Pictures stay out of the copy. Retype exactly the lines below from the one with "Несмотря на свой" through the one with "- 同封のカードに豆の特徴とハンドドリップレシピ(ホット/アイス)".

START Input data

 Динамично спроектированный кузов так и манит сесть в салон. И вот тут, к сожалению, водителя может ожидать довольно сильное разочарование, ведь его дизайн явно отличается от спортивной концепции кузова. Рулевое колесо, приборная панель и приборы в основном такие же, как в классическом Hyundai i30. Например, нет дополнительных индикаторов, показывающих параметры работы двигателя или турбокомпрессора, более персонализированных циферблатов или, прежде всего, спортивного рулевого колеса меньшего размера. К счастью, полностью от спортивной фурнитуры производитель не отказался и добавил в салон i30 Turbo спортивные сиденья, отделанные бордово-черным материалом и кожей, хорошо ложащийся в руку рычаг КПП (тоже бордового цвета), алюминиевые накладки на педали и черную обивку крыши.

END Input data
START Input data

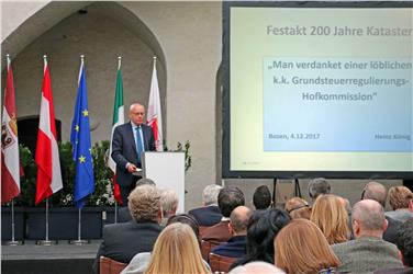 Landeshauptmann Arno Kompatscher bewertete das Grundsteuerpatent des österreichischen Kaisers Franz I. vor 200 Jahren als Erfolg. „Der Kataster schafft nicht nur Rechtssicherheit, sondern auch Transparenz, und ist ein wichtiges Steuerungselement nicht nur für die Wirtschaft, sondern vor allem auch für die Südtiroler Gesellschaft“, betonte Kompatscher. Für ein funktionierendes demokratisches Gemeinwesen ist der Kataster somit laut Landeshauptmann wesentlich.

END Input data
START Input data

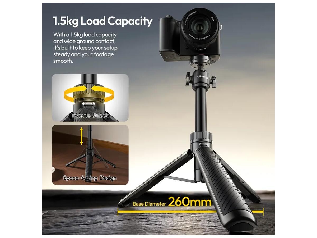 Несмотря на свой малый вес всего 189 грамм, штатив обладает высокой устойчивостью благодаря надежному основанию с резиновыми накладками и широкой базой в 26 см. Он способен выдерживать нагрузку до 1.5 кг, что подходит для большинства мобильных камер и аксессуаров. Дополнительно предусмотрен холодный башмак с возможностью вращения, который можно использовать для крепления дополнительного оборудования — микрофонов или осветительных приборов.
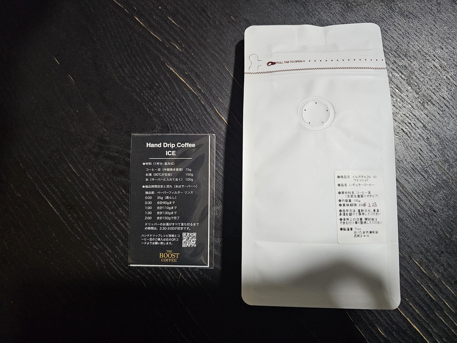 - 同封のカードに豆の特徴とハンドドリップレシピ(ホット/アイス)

END Input data

--- Exercise result ---
 Несмотря на свой малый вес всего 189 грамм, штатив обладает высокой устойчивостью благодаря надежному основанию с резиновыми накладками и широкой базой в 26 см. Он способен выдерживать нагрузку до 1.5 кг, что подходит для большинства мобильных камер и аксессуаров. Дополнительно предусмотрен холодный башмак с возможностью вращения, который можно использовать для крепления дополнительного оборудования — микрофонов или осветительных приборов.
 - 同封のカードに豆の特徴とハンドドリップレシピ(ホット/アイス)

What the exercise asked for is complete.